**Exercise data**
━━━━━━━━━━━━━━━━
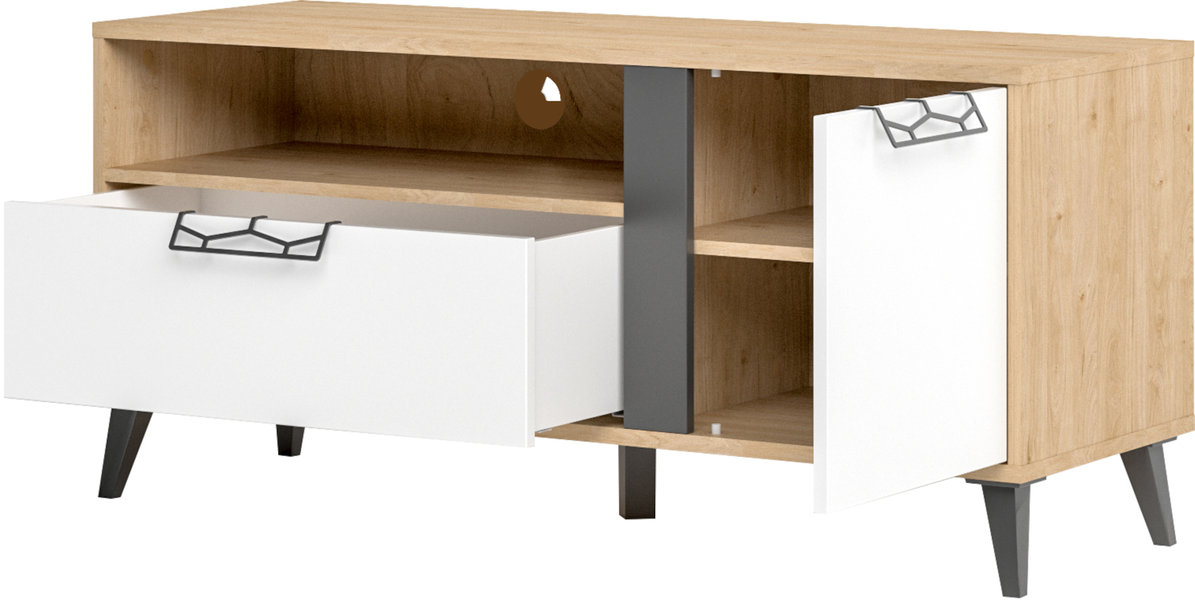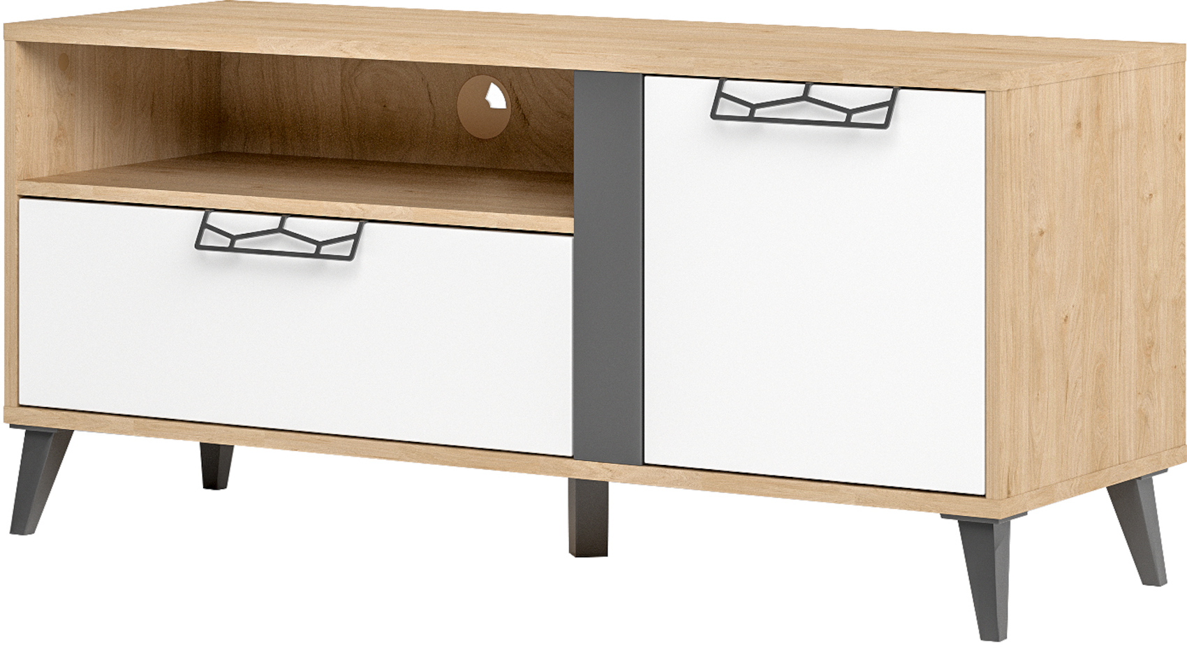 Moderní RTV stolek Moet 24 vás zaujme svým prostým, ale zároveň luxusním designem. Je vyroben z kvalitního odolného lamina potaženého speciální fólií, která vám navodí dojem přírodního masivního dřeva. Úzké nožky dodají nábytku nádech retro stylu a provzdušní váš celkový prostor. Jedinečným prvkem jsou speciálně tvarované úchyty vyrobené z oceli v šedém odstínu. Dvířka i zásuvky mají zabudovaný systém tichého dovírání.
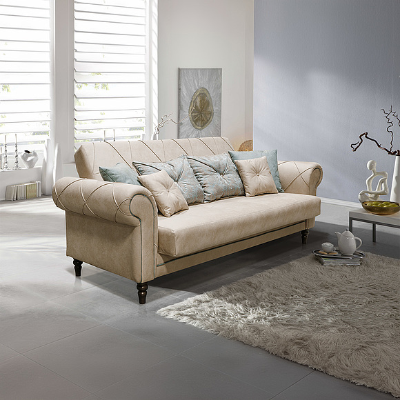 - Для классического интерьера подойдут диваны с обивкой из кожи или жаккарда, с резными элементами и декоративными подушками.
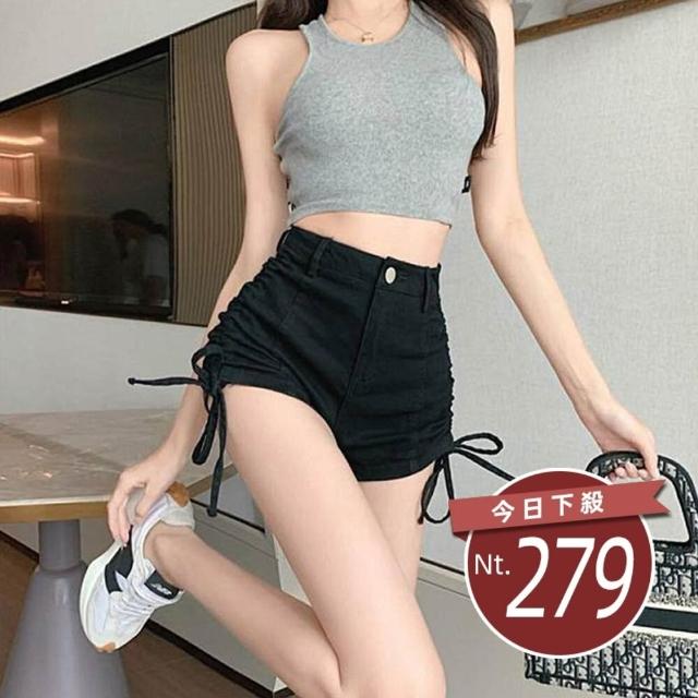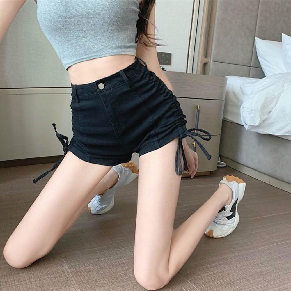 D.studio台灣發貨韓版高腰顯瘦彈性拉繩牛仔短褲 短褲 褲子 女裝P186
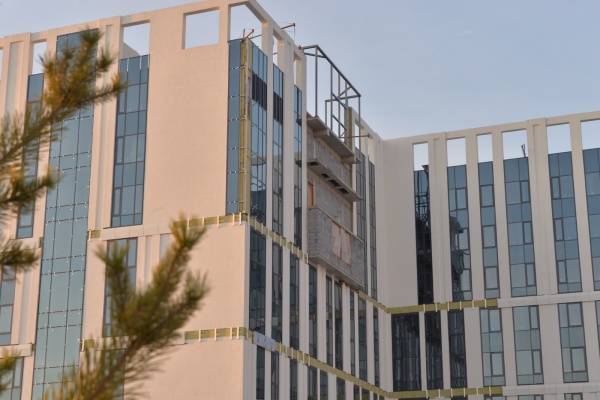 Для отделки фасада использованы стекло и мокрая штукатурка в соотношении 70 на 30. Строители уже смонтировали на фасаде свыше 4,5 тысяч квадратных метров стекла. Чтобы обеспечить рациональное использование энергоресурсов, для остекления применены энергосберегающие двухкамерные стеклопакеты. Снаружи стекла имеют специальную тонировку – чтобы с улицы фасады выглядели аккуратно и не были прозрачными. Предусмотрена и особая шумоизоляция витражных конструкций, которая обеспечит комфортные условия пациентам и медицинскому персоналу.
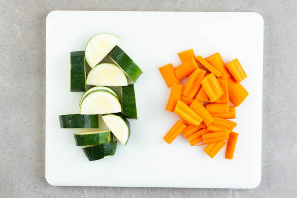 Den Backofen auf 240°C (220ºC Umluft) vorheizen. In einem kleinen Topf ausreichend Wasser für die Eier aufkochen. Die Karotte ggf. schälen, längs halbieren und quer in 2–3cm dicke Scheiben schneiden. Die Zucchini ebenfalls längs halbieren und quer in 2–3cm dicke Scheiben schneiden.
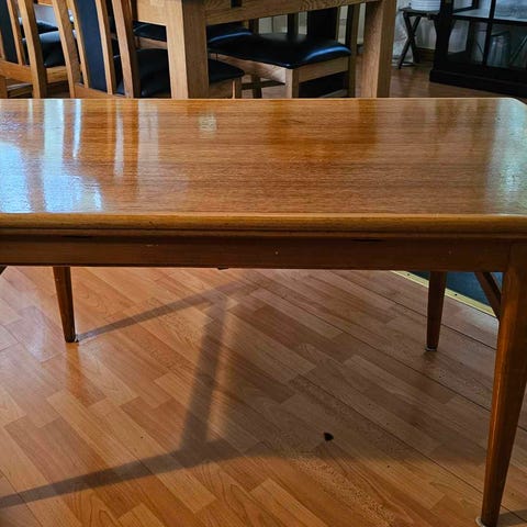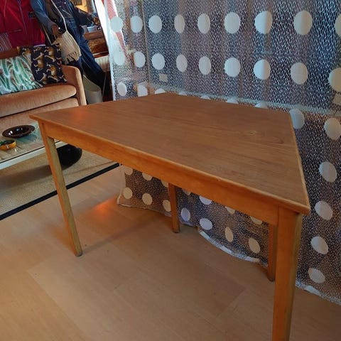 En klassisk Perstorps-platta bord från femtiotalet med stora variationsmöjligheter till yta. Perstorp börjar efter kriget med en ny sorts yta som håller mot repor och värme och utgjorde tillsammans med intelligent bordskonstruktion en klassiker som håller än idag.
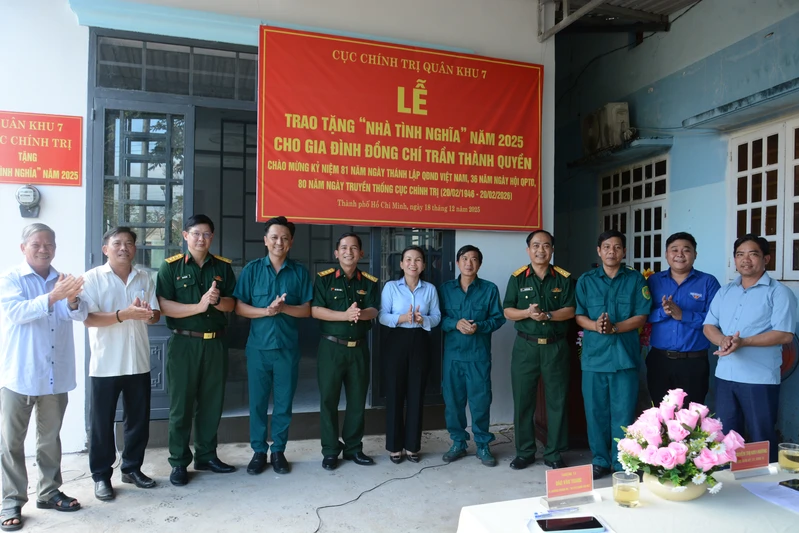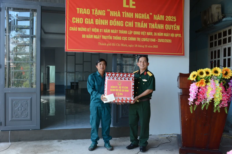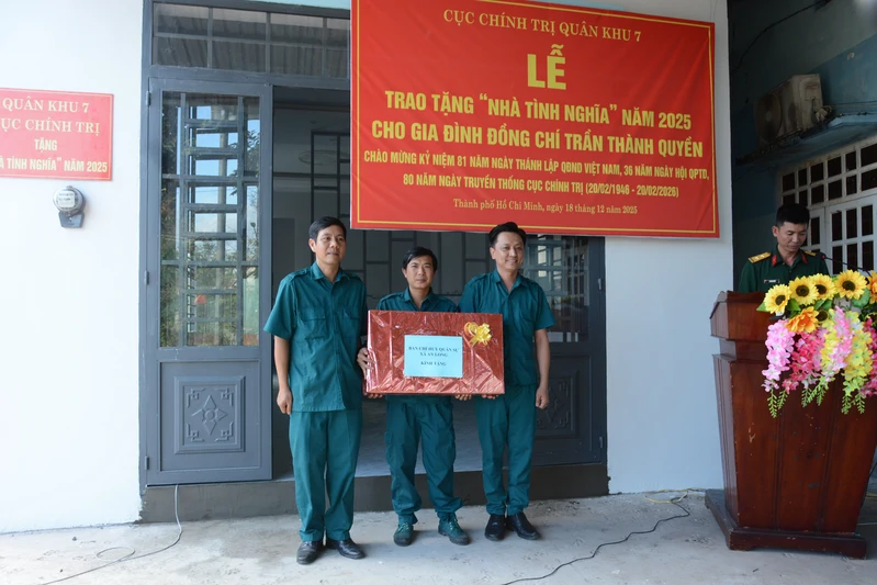 (QK7 Online) - Nằm trong chuỗi hoạt động thiết thực chào mừng 81 năm Ngày thành lập Quân đội Nhân dân Việt Nam (22/12/1944 – 22/12/2025), 36 năm Ngày hội Quốc phòng toàn dân (22/12/1989 – 22/12/2025) và hướng tới 80 năm Ngày truyền thống Cục Chính trị (20/02/1946 – 20/02/2026), chiều ngày 18/12, Cục Chính trị Quân khu tổ chức bàn giao “Nhà tình nghĩa” cho gia đình đồng chí Trần Thành Quyền, chiến sĩ dân quân tự vệ Ban CHQS xã An Long, thường trú tại tổ 19, ấp 9, xã An Long, TP. Hồ Chí Minh.
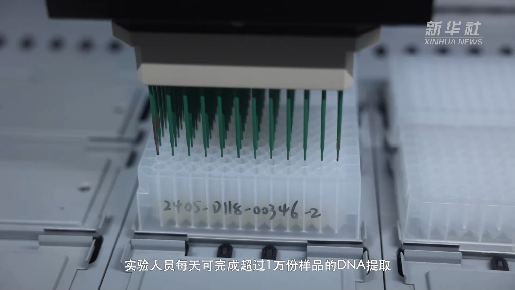 在湖南长沙的岳麓山种业创新中心,分子育种实验室研究员李乐正在把脱壳的水稻种子放进样品盘里,随后将样品放置在全自动移液工作站上,进行样品DNA的提取。
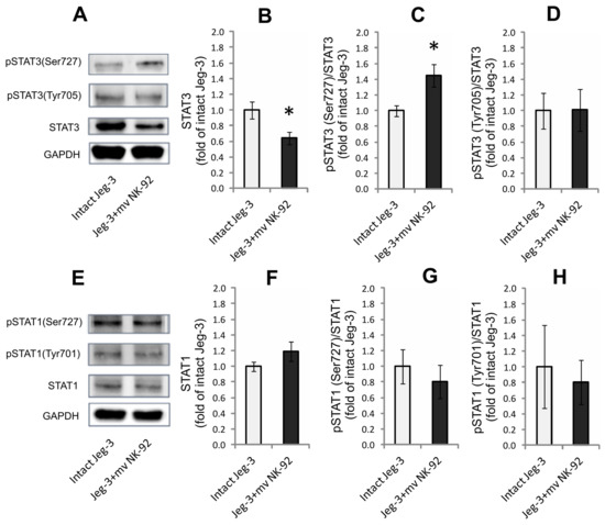 Effect of NK-92 cell MVs on content of STAT1 and STAT3 proteins and their phosphorylated forms in JEG-3 cell lysates. Immunoblot shows content of (A) STAT3 and (E) STAT1 in intact JEG-3 cells and after their interaction with NK-92 cell MVs. Band density of (B) total STAT3 and (F) STAT1 content in intact JEG-3 cells and after interaction with NK-92 cell MVs, normalized by GAPDH. Ratio of (C,D) phospho-STAT3 (pSTAT3(Ser727), pSTAT3(Tyr(705)) and total STAT3 (n = 3) and (G,H) phospho-STAT1 (pSTAT1(Ser727), pSTAT1(Tyr(701)) and total STAT1 (n = 4) in studied samples. Significant differences between JEG-3 cells treated with NK-92 cell MVs and intact JEG-3 cells: * p < 0.05.
━━━━━━━━━━━━━━━━
**Requirement**
In the data above, find the line containing "Для отделки фасада" and the line containing "在湖南长沙的岳麓山种业创新中". Repeat those two lines and everything between them exactly, minus the pictures.

**Answer section**
 Для отделки фасада использованы стекло и мокрая штукатурка в соотношении 70 на 30. Строители уже смонтировали на фасаде свыше 4,5 тысяч квадратных метров стекла. Чтобы обеспечить рациональное использование энергоресурсов, для остекления применены энергосберегающие двухкамерные стеклопакеты. Снаружи стекла имеют специальную тонировку – чтобы с улицы фасады выглядели аккуратно и не были прозрачными. Предусмотрена и особая шумоизоляция витражных конструкций, которая обеспечит комфортные условия пациентам и медицинскому персоналу.
 Den Backofen auf 240°C (220ºC Umluft) vorheizen. In einem kleinen Topf ausreichend Wasser für die Eier aufkochen. Die Karotte ggf. schälen, längs halbieren und quer in 2–3cm dicke Scheiben schneiden. Die Zucchini ebenfalls längs halbieren und quer in 2–3cm dicke Scheiben schneiden.
 En klassisk Perstorps-platta bord från femtiotalet med stora variationsmöjligheter till yta. Perstorp börjar efter kriget med en ny sorts yta som håller mot repor och värme och utgjorde tillsammans med intelligent bordskonstruktion en klassiker som håller än idag.
 (QK7 Online) - Nằm trong chuỗi hoạt động thiết thực chào mừng 81 năm Ngày thành lập Quân đội Nhân dân Việt Nam (22/12/1944 – 22/12/2025), 36 năm Ngày hội Quốc phòng toàn dân (22/12/1989 – 22/12/2025) và hướng tới 80 năm Ngày truyền thống Cục Chính trị (20/02/1946 – 20/02/2026), chiều ngày 18/12, Cục Chính trị Quân khu tổ chức bàn giao “Nhà tình nghĩa” cho gia đình đồng chí Trần Thành Quyền, chiến sĩ dân quân tự vệ Ban CHQS xã An Long, thường trú tại tổ 19, ấp 9, xã An Long, TP. Hồ Chí Minh.
 在湖南长沙的岳麓山种业创新中心,分子育种实验室研究员李乐正在把脱壳的水稻种子放进样品盘里,随后将样品放置在全自动移液工作站上,进行样品DNA的提取。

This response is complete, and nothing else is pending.